■ WHAT IS BEING ASKED: Copy each line below exactly and leave the pictures out.

■ THE DATA:
<<<<

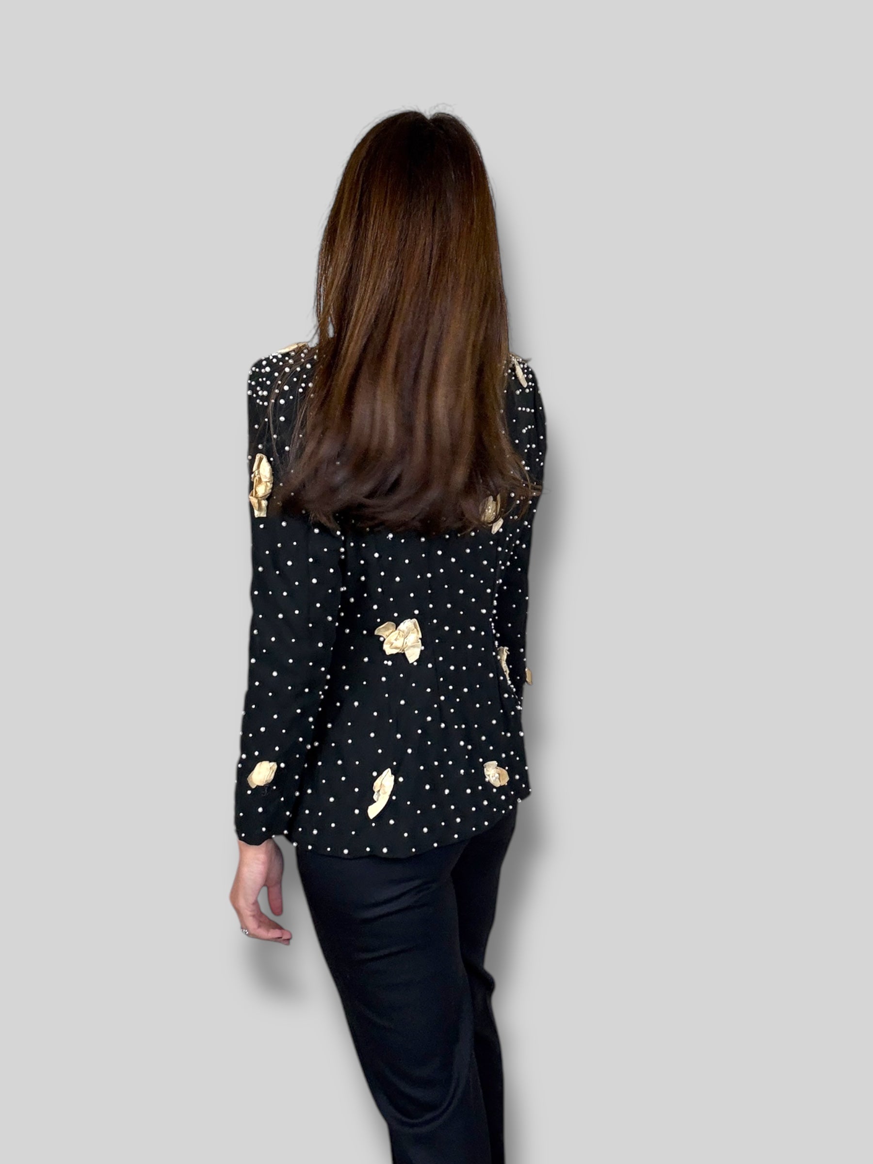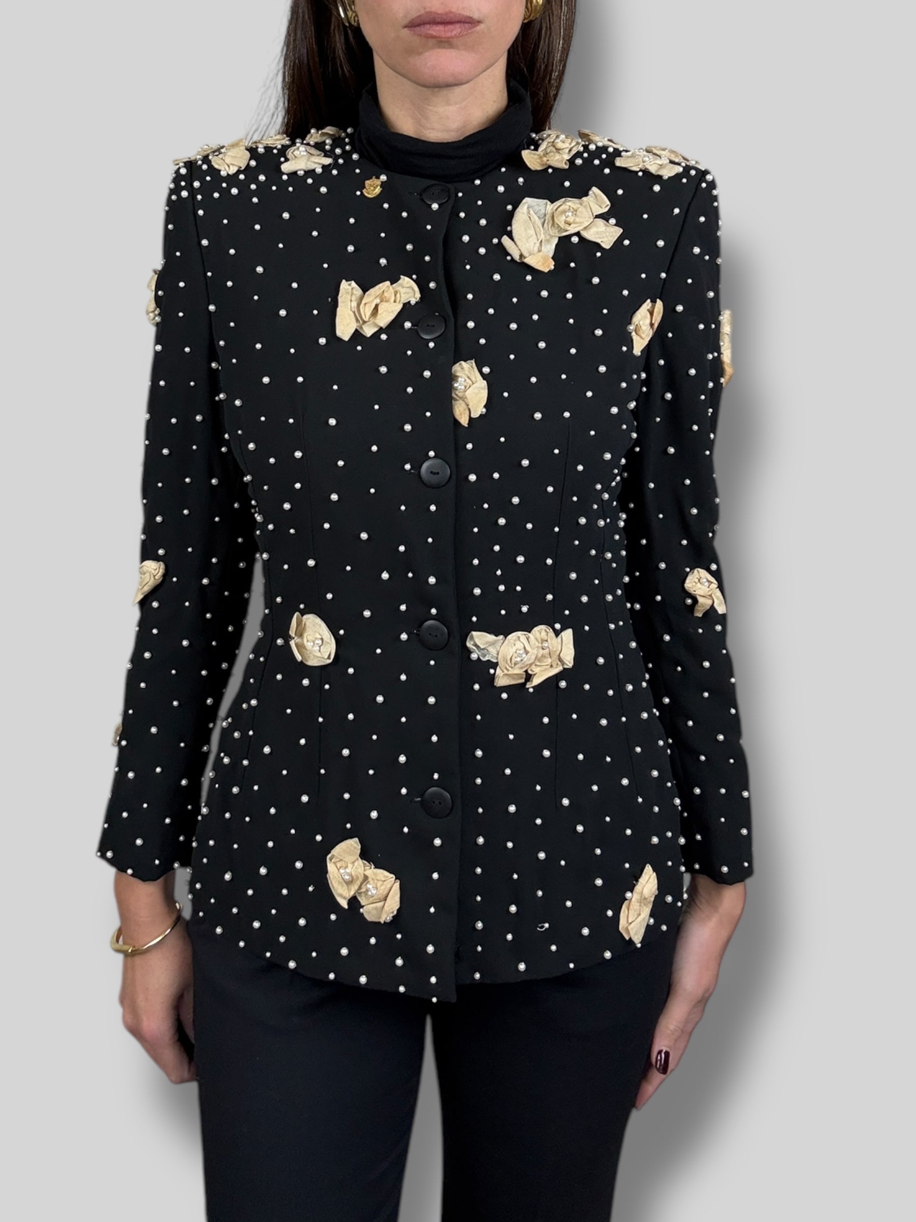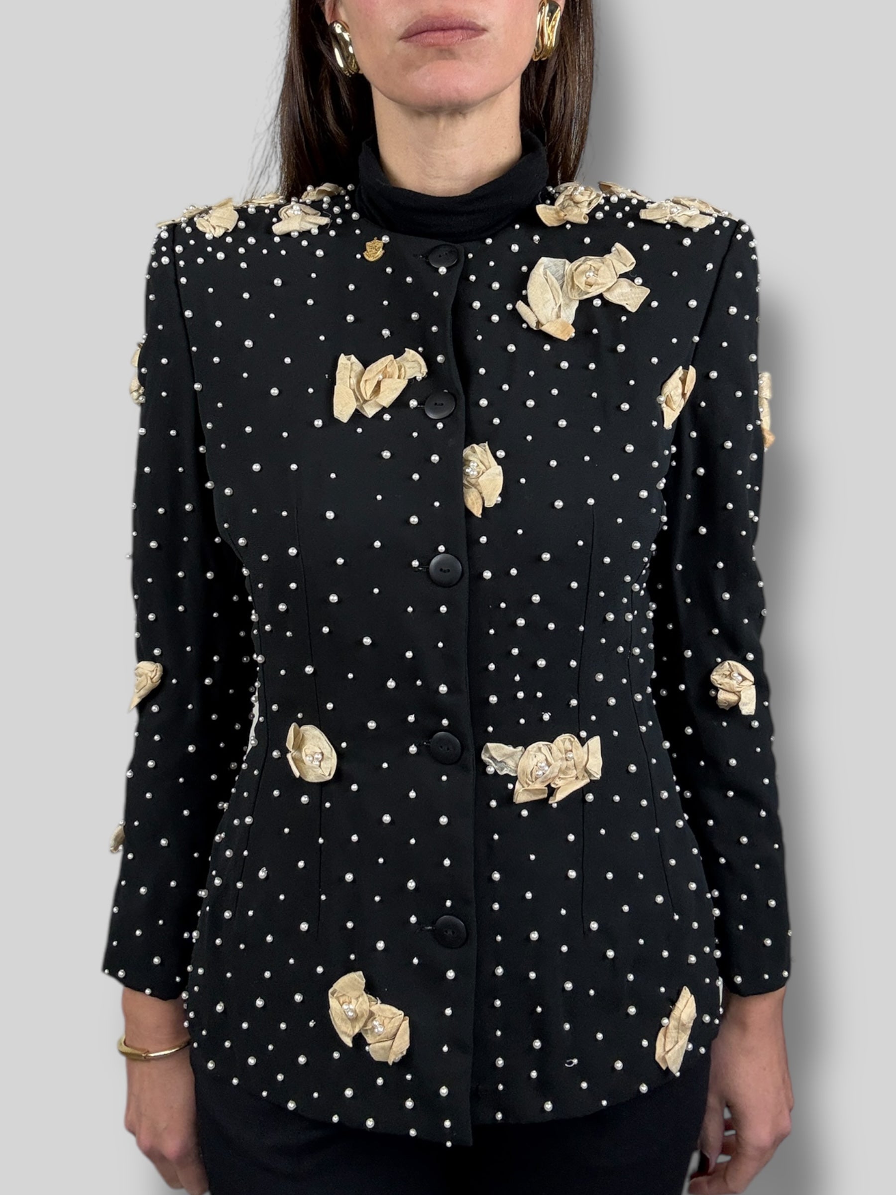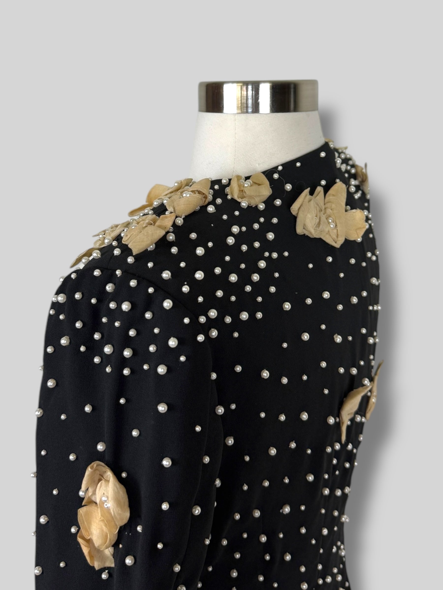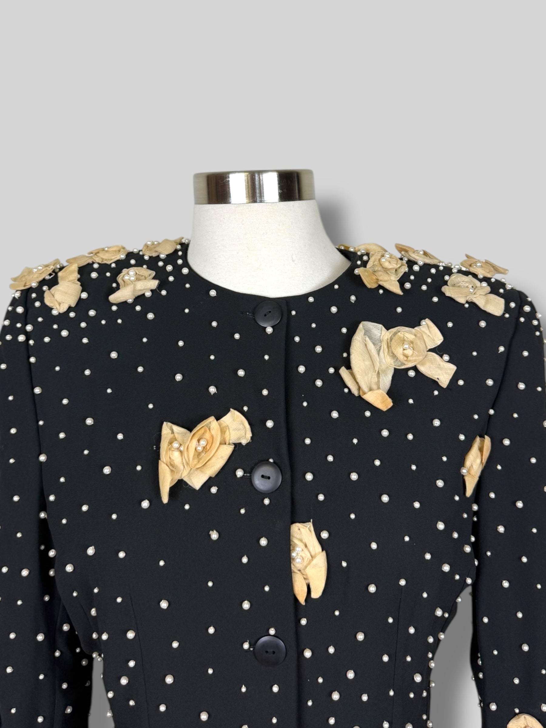 Chic Vintage 60's Couture from Patis blazer hand embroidered with pearls and muslin. Great vintage condition.
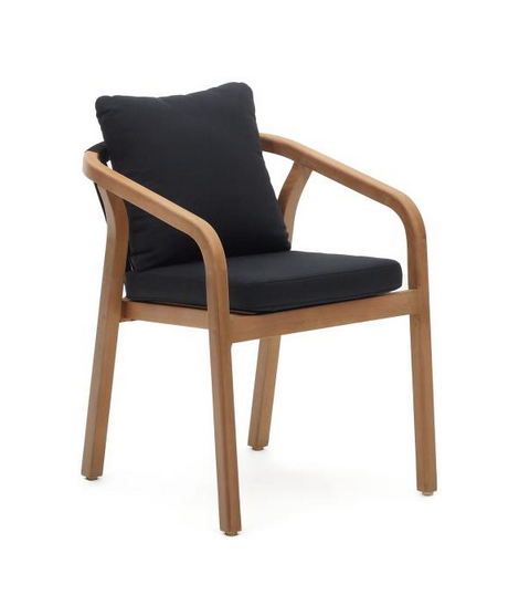 TANAY silla apilable con reposabrazos de madera maciza de eucalipto y cuerda y cojines para exterior
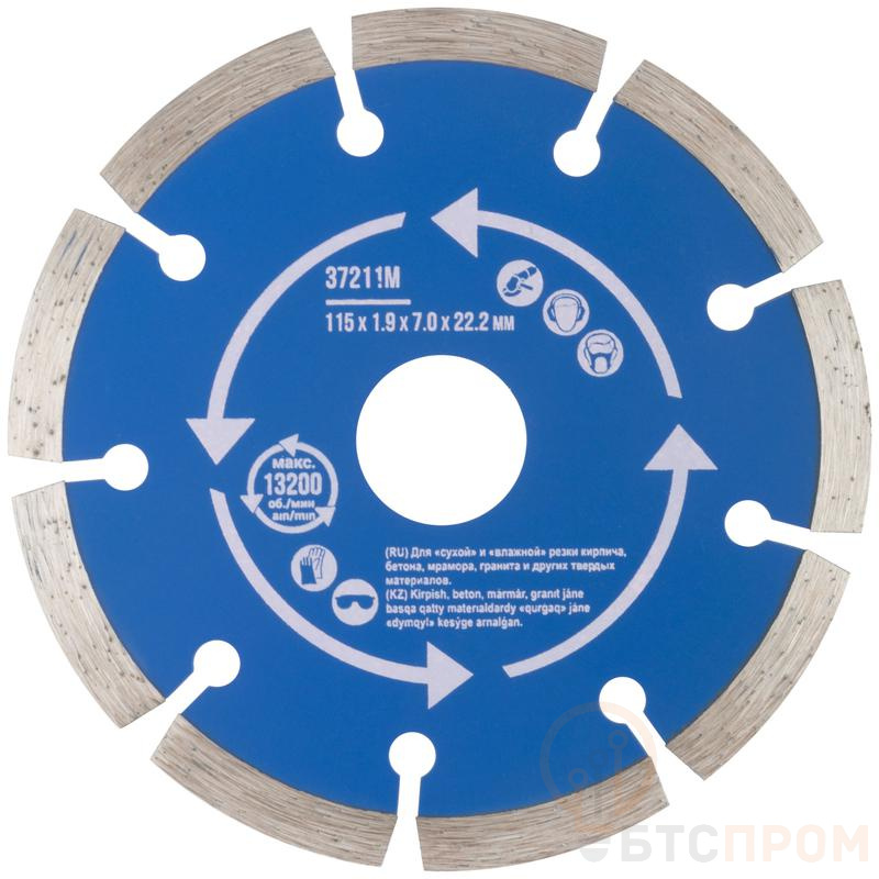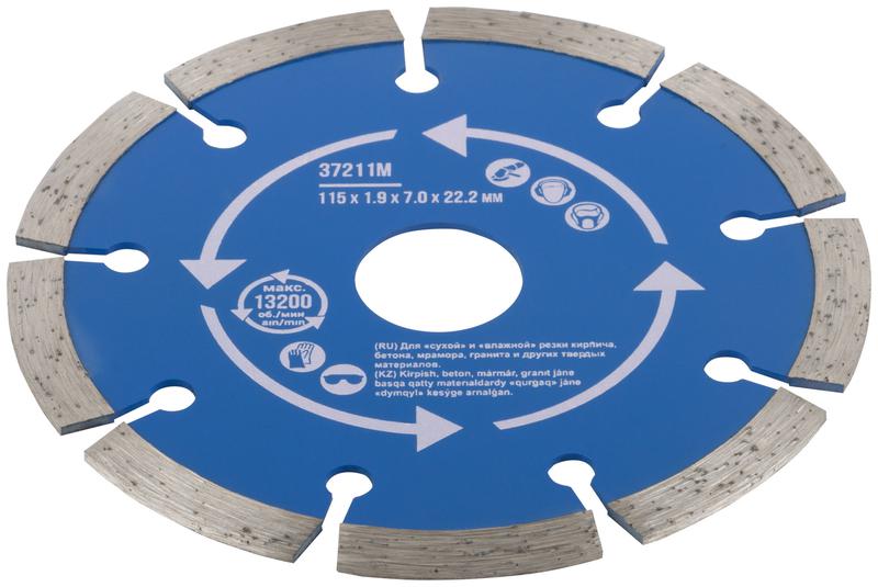 Сегментный. Для использования с УШМ . Посадочный диаметр 22,2мм. Для "сухой" и "влажной"резки кирпича, бетона, мрамора,гранита и других твердых материалов. Сегментная режущая кромка обеспечивает охлаждение диска в процессе работы, предотвращая его перегрев. Материал: инструментальная сталь, режущая кромка-расплав с техническими алмазами. Уп: Блистер
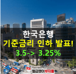 한은 기준금리 인하 발표! ( 한국은행, 0.25% 인하, 이유, 부동산 영향은?)

>>>>

■ EXERCISE RESULT:
 Chic Vintage 60's Couture from Patis blazer hand embroidered with pearls and muslin. Great vintage condition.
 TANAY silla apilable con reposabrazos de madera maciza de eucalipto y cuerda y cojines para exterior
 Сегментный. Для использования с УШМ . Посадочный диаметр 22,2мм. Для "сухой" и "влажной"резки кирпича, бетона, мрамора,гранита и других твердых материалов. Сегментная режущая кромка обеспечивает охлаждение диска в процессе работы, предотвращая его перегрев. Материал: инструментальная сталь, режущая кромка-расплав с техническими алмазами. Уп: Блистер
 한은 기준금리 인하 발표! ( 한국은행, 0.25% 인하, 이유, 부동산 영향은?)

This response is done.